Nigeria’s Excess Crude Account Rises 13% In Two Years — NEC Data

Oil Prices Drop, Here's Why

Nigeria’s Excess Crude Account (ECA) has grown by 13 per cent over a two-year period, while balances in the Stabilisation Account and the Development of Natural Resources Fund recorded even sharper increases, an analysis of presentations made by the Accountant-General of the Federation to the National Economic Council (NEC) has shown.

A review of briefings to the council from June 15, 2023, to October 23, 2025, indicates that the ECA rose from $473,754.57 at the inaugural NEC under President Bola Tinubu to $535,823.39, an increase of $62,068.82.

Over the same period, the Stabilisation Account surged from N26.63bn to N87.67bn, representing a 229 per cent jump, while the Development of Natural Resources Fund expanded from N96.90bn to N141.59bn — up 46 per cent.

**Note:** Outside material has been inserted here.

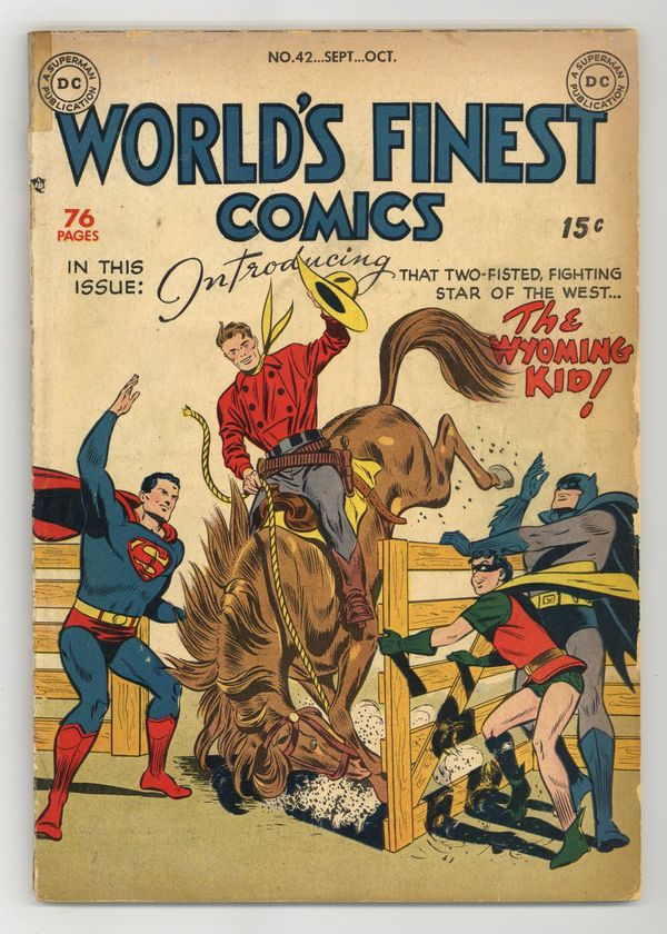 Cover art by Wayne Boring (Superman), Win Mortimer (Batman & Robin), and Howard Sherman (Wyoming Kid). The Alphabetical Animal Adventure starring Superman, art by Al Plastino; Aliens from Uranus come to Earth in flying saucers to collect two of every kind of animal, including humans. Little Pete humor page by Henry Boltinoff. The Unknown Adventure, script by Otto Binder, art by George Papp; Green Arrow goes to Mars! The Knights of the Square Table starring Doc & Fatty, art by Howard Sherman. On the Vengeance Trail starring the Wyoming Kid, script by Ryerson Johnson, art by Howard Sherman. The Sun-Born Mountain Man bio on Gantry Daniels, art by Bruno Premiani. The Varmint and the Wizard starring Zatara, art by Joe Kubert. Cowhide In the Clouds text article. Smokey the Bear Comes to The Rescue public service announcement with Peter Porkchops, script by Jack Schiff. The Amazing Adventure of Batman and Marco Polo starring Batman and Robin, script by Bill Finger, art by Jim Mooney; a time travel story. 76 Pages, Full Color. Cover price $0.15.

Month-on-month variations show periods of volatility. The Stabilisation Account fell to N17.21bn in April 2024 before rebuilding through 2025, while the Natural Resources Fund declined to N26.85bn in November 2024 and then recovered steadily to N141.59bn by October 2025. The ECA remained largely flat for much of the period before edging higher in the second half of 2025.

Created in 2004 during the Obasanjo administration, the ECA is designed to warehouse oil earnings above the benchmark price for stabilisation and future investments. At the height of the 2008 oil boom under President Umaru Yar’Adua, it exceeded $20bn — but successive withdrawals and price collapses eroded the balance over the following decade.

The Stabilisation Account is used to cushion sub-national governments against shortfalls and fiscal shocks, while the Development of Natural Resources Fund supports diversification programmes — including solid minerals — approved by the Federation Accounts Allocation Committee and NEC.

The movements in the funds mirror policy decisions taken by the NEC during the period under review, including reforms in the oil sector, the reconstitution of committees on crude theft, the approval of the $617.7m i-DICE programme, sectoral reforms in the power market, and a nationwide crackdown on gold smuggling. The council also backed food security measures and approved efforts to strengthen training schools for security agencies.

States also leaned heavily on statutory transfers through a period of high inflation and foreign-exchange volatility, adding pressure on naira-denominated accounts despite reforms such as petrol subsidy removal and FX market unification intended to stabilise macroeconomic fundamentals.

The NEC, chaired by the Vice President and comprising the 36 state governors, the CBN Governor, and relevant ministers, has met at least 15 times since June 2023. Its most recent session was held on 23 October 2025.